FAQ for Buyers
I'm not going to purchase right away so why should I get pre-approved?
It is important to be pre-approved by a lender prior to beginning your search for the perfect home. This will allow you to act quickly when you find the home you want to purchase and puts you in the best position from the seller’s point of view. It also eliminates any surprises later on. Pre-approvals are typically good for 90-120 days. If the pre-approval expires, check with your lender, they may have to refresh the credit report and pre-approval. It is a very simple and quick process.
I have all the information I need online so why should I use a Realtor®?
With today's technology, it is true that anyone can find their dream home on their own. However, did you know that finding the perfect home is a very small part of the realtor's job? As a realtor, I owe my fiduciary duty directly to my client and do everything in my power to look out for YOUR best interests. This includes negotiating to protect your financial interests, staying current with local, state and federal regulations to protect your legal interests and advising you of your options surrounding possession and condition negotiations to protect your emotional interests. There is no savings in purchasing a home directly through a listing agent who is bound to protect the sellers interests.

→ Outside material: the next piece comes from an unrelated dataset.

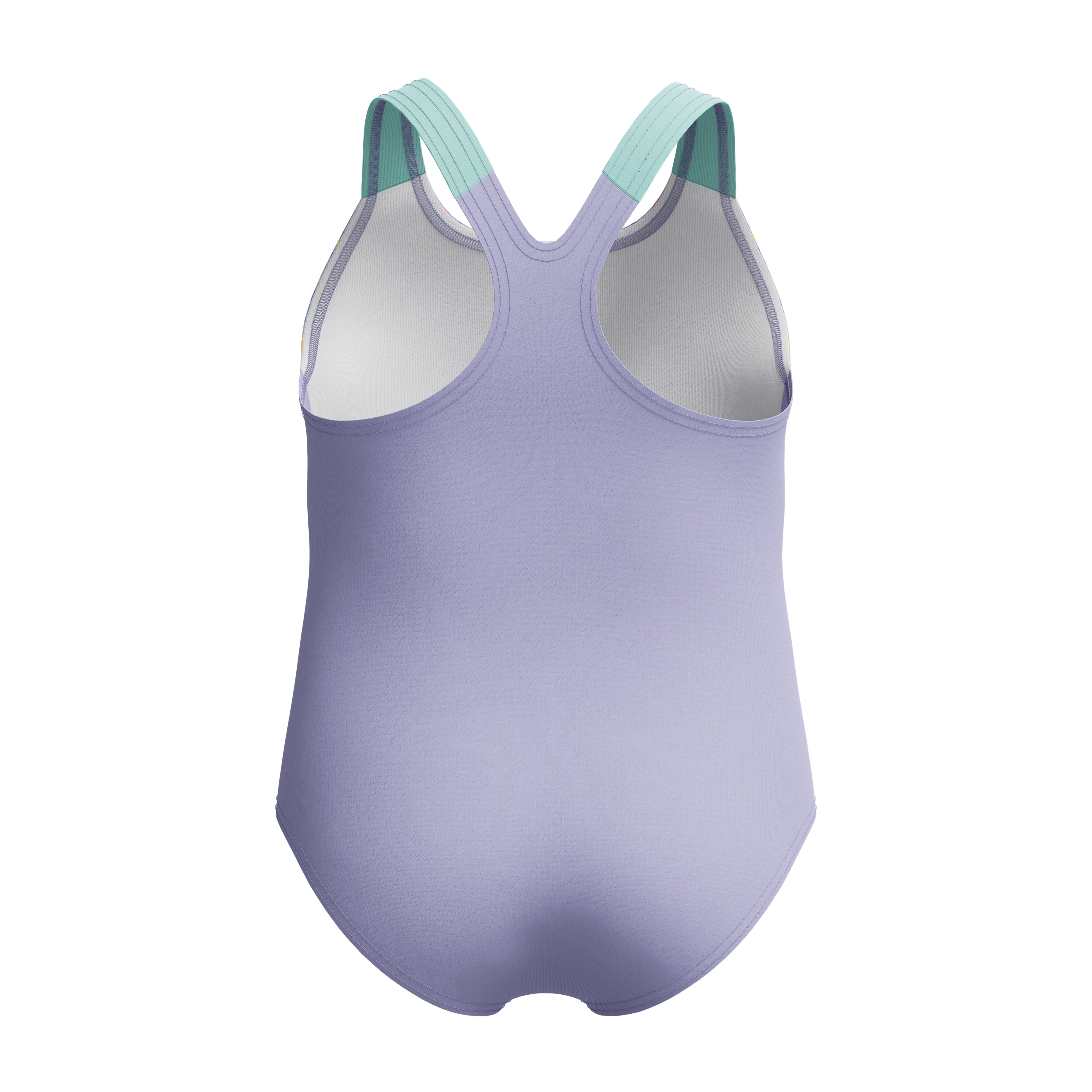 Designed for young explorers, the Speedo Print Racerback Swimsuit offers all-day comfort for fun times in the sun. Made from durable Endurance+ fabric, it resists chlorine and pilling to provide lasting performance. Comfy racerback straps stay secure while the full-coverage design protects delicate skin. Body made of 53% recycled polyester, 47% PBT.
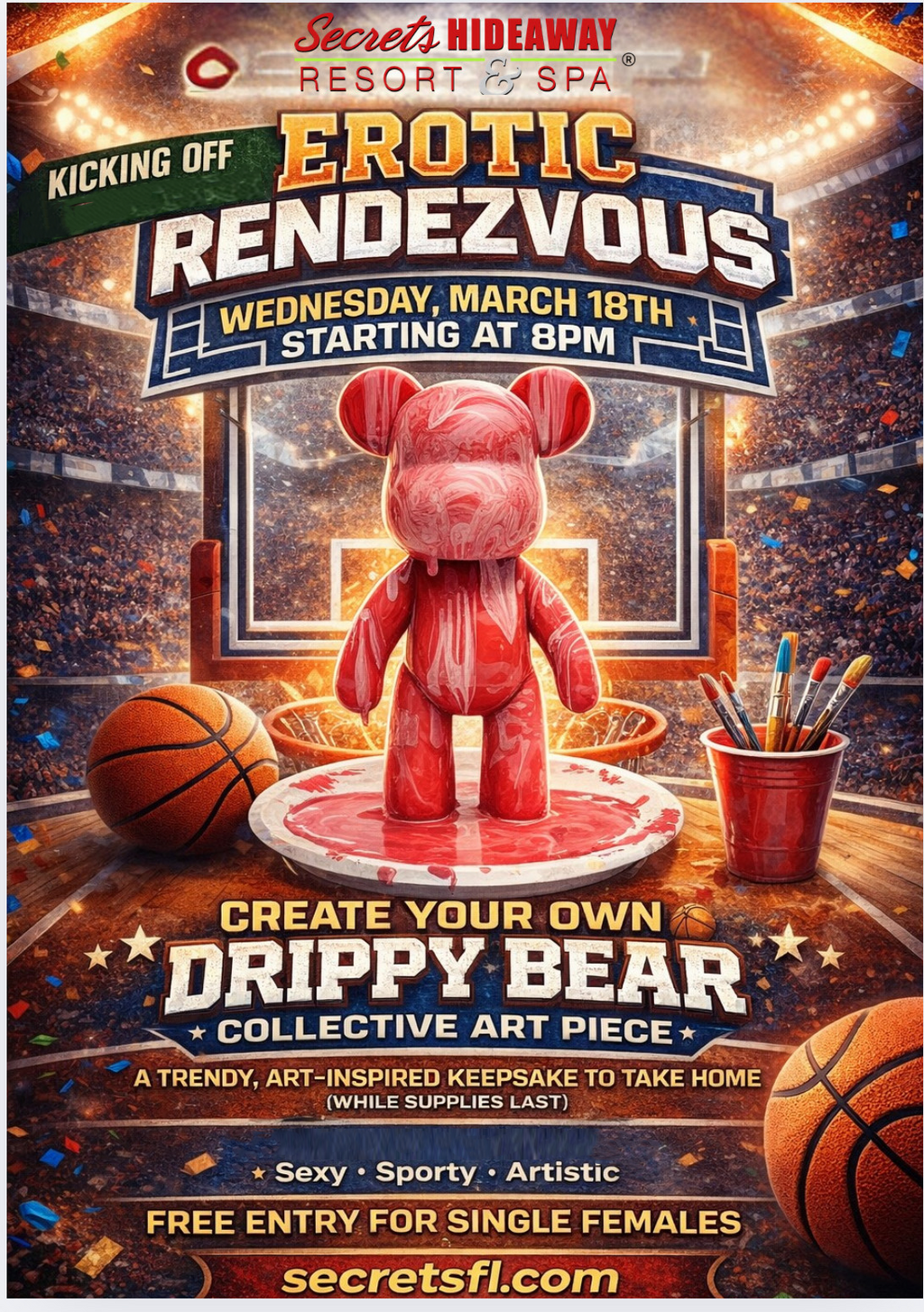 Tip off in true Secrets Hideaway style with Erotic Rendezvous, a playful, art-forward night where competition meets creativity. Guests are invited to channel their inner artist and create their own trendy, drippy bear art piece — a bold, collectible keepsake to take home (while supplies last).

What if my credit is not high enough to qualify for a loan?
Don’t get discouraged if your credit is not quite there. Many lenders can help you improve your credit scores and put you in a position to purchase quickly. They may also refer you to a credit repair agency that could help as well. There is usually a light at the end of the tunnel so consult with your local lender.
How much money do I need to purchase a home?
You will need money for your down payment, earnest money, inspections and closing costs. Most lenders require 5-20% of the purchase price for a down payment, however, there are several down payment assistance programs available that may assist you with the down payment amount. The earnest money deposit is typically 1% of the purchase price but can vary. Depending on the type of property that you are purchasing and the type of inspections you choose, I would recommend setting aside $500-1,000 (includes whole house inspection, sewer scope, radon, etc.). Finally, closing costs (including pre-paids and pro-rates) average approximately 3% of the sales price. Note: It is not uncommon to finance the closing costs by asking the seller to pay for them. This is something that we can discuss in more detail when you are ready to move forward with the purchase.
What is Earnest Money?
An earnest money deposit shows the seller that you are serious about purchasing the property. When the transaction is finalized, the funds are put toward your down payment. If the deal falls through for any reason other than the contingencies (or terms) you have negotiated, you may not be able to reclaim the deposit. Typically, if the seller terminates the deal, the earnest money will be returned to the buyer.
What are Closing Costs?
When you get a mortgage, you will need to pay closing costs, which are fees – charged by lenders and third parties -- related to the purchase of the home. So, in addition to owing the lender the down payment on the home and the principal and interest related to the mortgage, you will also owe the lender and third parties closing costs, which you usually pay at the time that you close on your mortgage. A few examples of what are included are: loan origionation fee, credit report fee, appraisal fee, title fees, title insurance, escrow deposit to set up your escrow accounts, recording fee, etc.